Now that the holidays are over I find myself getting all the gifts in order and locating their proper place in my apartment. Okay, yes, I should have done this weeks ago. Nevertheless, I have just one thing left that is of no use to me. I appreciate the thought grandma but I really have no idea where to put a desk calender. Some of you might say, "Why not take it to work?" Well, No. You see, this specific calendar is "The Secret" themed and I fear if I read this self affirmation crap every day I might go crazy.

The first day reads something along the lines of:
Think happy thoughts every night before you go to bed and when you wake up every morning. Be thankful for your day whether it was good or bad. Eventually you will see improvement.

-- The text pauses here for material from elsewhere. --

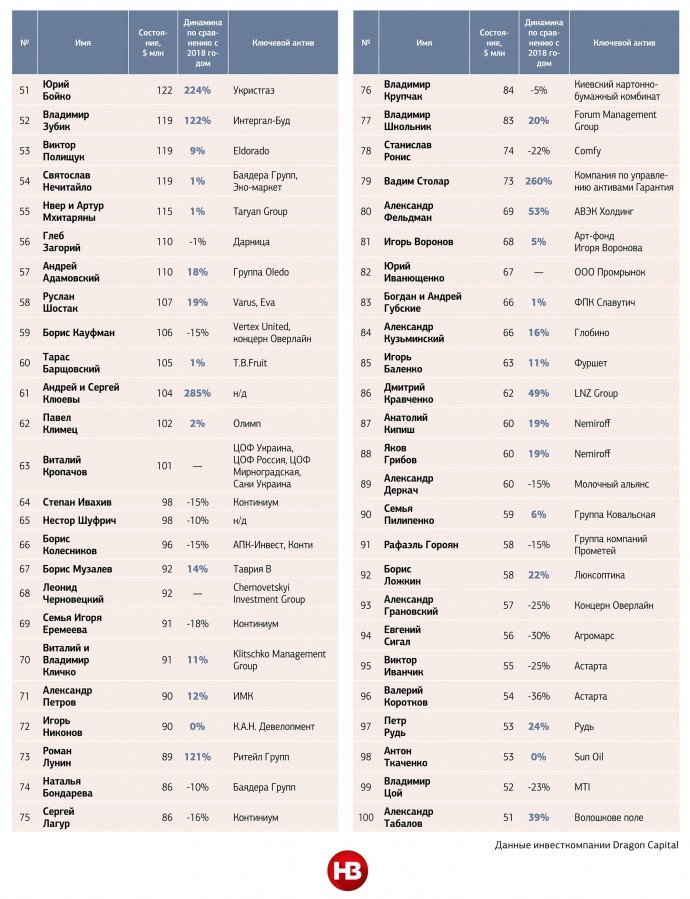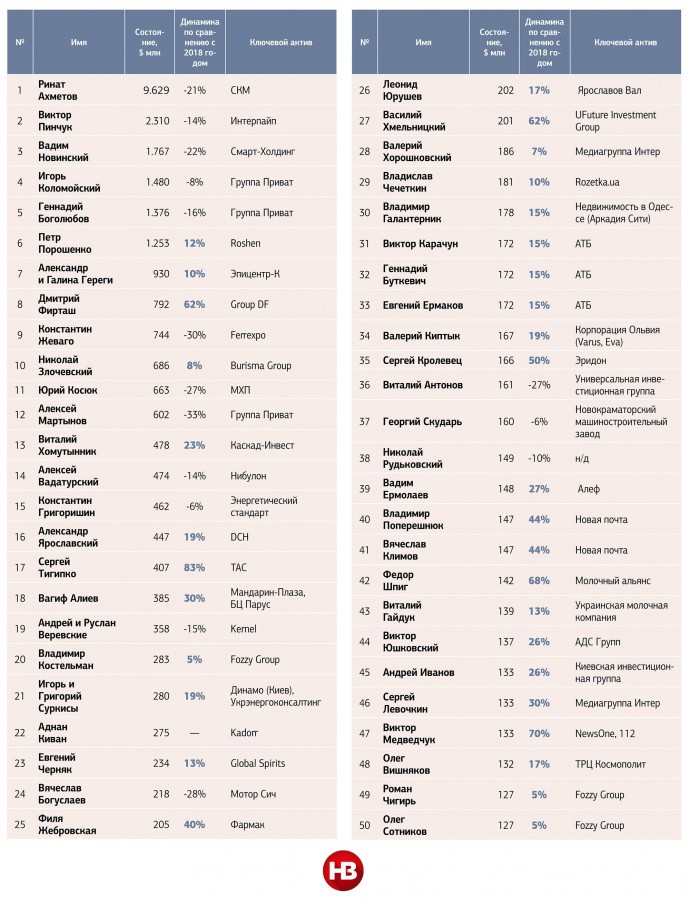 Перші позиції, як і минулого року, посіли Рінат Ахметов, Віктор Пінчук і Вадим Новинський. П’ятірка найбагатших українців за рік втратили $3,8 млрд

Eventually I will become a zombie that talks to myself and whistles constantly. I've got a secret for you.. this isn't a freakin' secret. Why do people always fall for that? Yes, having a positive attitude and gaining confidence improves your life or at least your outlook on it. Thanks for the $30 enjoy the DVD. Don't forget to buy the book!

Thursday, January 3, 2008

Happy 2008 Y'all



Does anyone find the end of another year as depressing as I do? I never worry about getting older but when everybody stands staring at a clock talking about resolutions I start getting a little down on myself. It wasn't always this way but at this point in my life I'm wondering what I should attempt to accomplish this year. I don't think I did much last year and I'm feeling kind of useless. I don't much believe in resolutions so I'm making a list of goals for the year. I figure now is as good a time as any. In no particular order here goes:
1) Find a way to spend my working hours doing something that benefits society rather than something that drains it.
2) Go to Europe. (I'm keeping this vague.)
3) Get my physical and mental health in order. (I've been working on this one for awhile.)
4) Find my creative outlet(s).
5) Do something that makes me proud of me.
6) Find more friends like the ones I have because they are pretty f'n amazing.

I'm going to have to stop here. Don't get me wrong, I am very thankful for many things in my life. I am a blessed person with a wonderful support system. I guess I'm just disappointed in myself lately. It's most definitely time for change. A big change. I might as well start right now instead of blogging, huh?